Leaders have created a foundation for confidence that permits unexpected people to achieve high levels of performance, and to do it as part of a successful team. Each time the team or the organization wins a victory, support for confidence is increased. An occasional win turns into a long winning streak. Winning begets winning, because it produces confidence at four levels.

Winning feels good, and good moods are contagious. Success makes it easier to view events in a positive light, to generate optimism. It produces energy and promotes morale. It is easier to aim high and expect to reach the target. It is easier to find the energy to work hard because it looks as if the hard work will pay off. These attitudes reinforce top performance.

Winning makes people feel more engaged with their tasks and with one another. It makes people like one another more, want to spend more time together, feel more generous, and therefore want to practice, prepare, and help one another succeed. It breeds respect, which then makes people more willing to take responsibility and admit mistakes, because they feel secure. These behaviors make it more likely that problems will be caught and solved, because people share information, take responsibility and admit mistakes, pull together and find solutions.

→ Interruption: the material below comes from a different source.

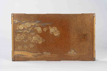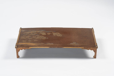 Originally, the low desk was used to hold paper for writing poetry. Finished in nashi-ji pear-skin decoration, the top panel depicts chrysanthemums growing on mounds of earth. The flowers are rendered in burnished togidashi maki-e and low relief takamaki-e with pieces of cut gold and silver (kirikane) and kanagai metal inlays. Kirikane is also added to the petals, which are drawn in fine lines of lacquer followed by a sprinkling of gold powder (tsukegaki). The four corners of the top panel and the gold and copper fittings on the long side feature halved chrysanthemum patterns that complement the formal chrysanthemum motif. The sparse composition, which uses raised maki-e, kirikane, kanagai, and other techniques, while leaving half of the panel blank is characteristic of the Muromachi period. The object is valuable as an example of an early low desk.

Winning makes it likely to turn informal tendencies into formal traditions, by building winners’ habits of responsibility, teamwork, and initiative into routines, processes, and practices that encourage and perpetuate them. It makes it more likely that leaders will remain in place so that there can be continuity of strategy and approach, institutionalizing systems for producing winners’ behavior. Winning provides the resources for investing in training and tools to ensure that people can be responsible members of the team. This makes it possible to transmit problem-solving and team-enhancing behavior to new people and, thus, to keep the winning streak going.

Winning makes it easier to attract financial backers, loyal customers, enthusiastic fans, talented recruits, media attention, opinion leader support, and political goodwill. Continuing to win stimulates this network to grow in size, scope, and magnitude of investment. Having a flow of valuable resources from the network makes it easier to invest internally in conditions associated with victory, including facilities and staff. And knowledge on the part of the team that there is external support for winning circles back to fuel positive expectations, further strengthening the cycle of success.

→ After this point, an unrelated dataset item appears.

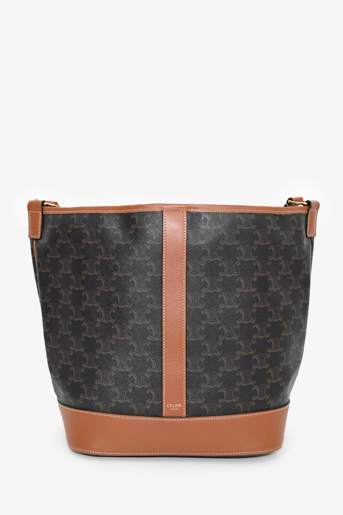 Celine 2021 Brown Canvas/Leather Triomphe Small Bucket Crossbody

At each level—emotional, behavioral, organizational, environmental—confidence both feeds winning and feeds off of it. Momentum builds because each success in a sequence of successes makes it easier to generate self-confidence, confidence in colleagues, confidence in the system, and investor confidence. All those aspects of confidence converge to prepare the people who must deliver victory on the field, even if the team is a different set of people each year. Winning becomes an ingrained tradition, embedded in the culture and supported by powerful external networks, even if individual talent comes and goes.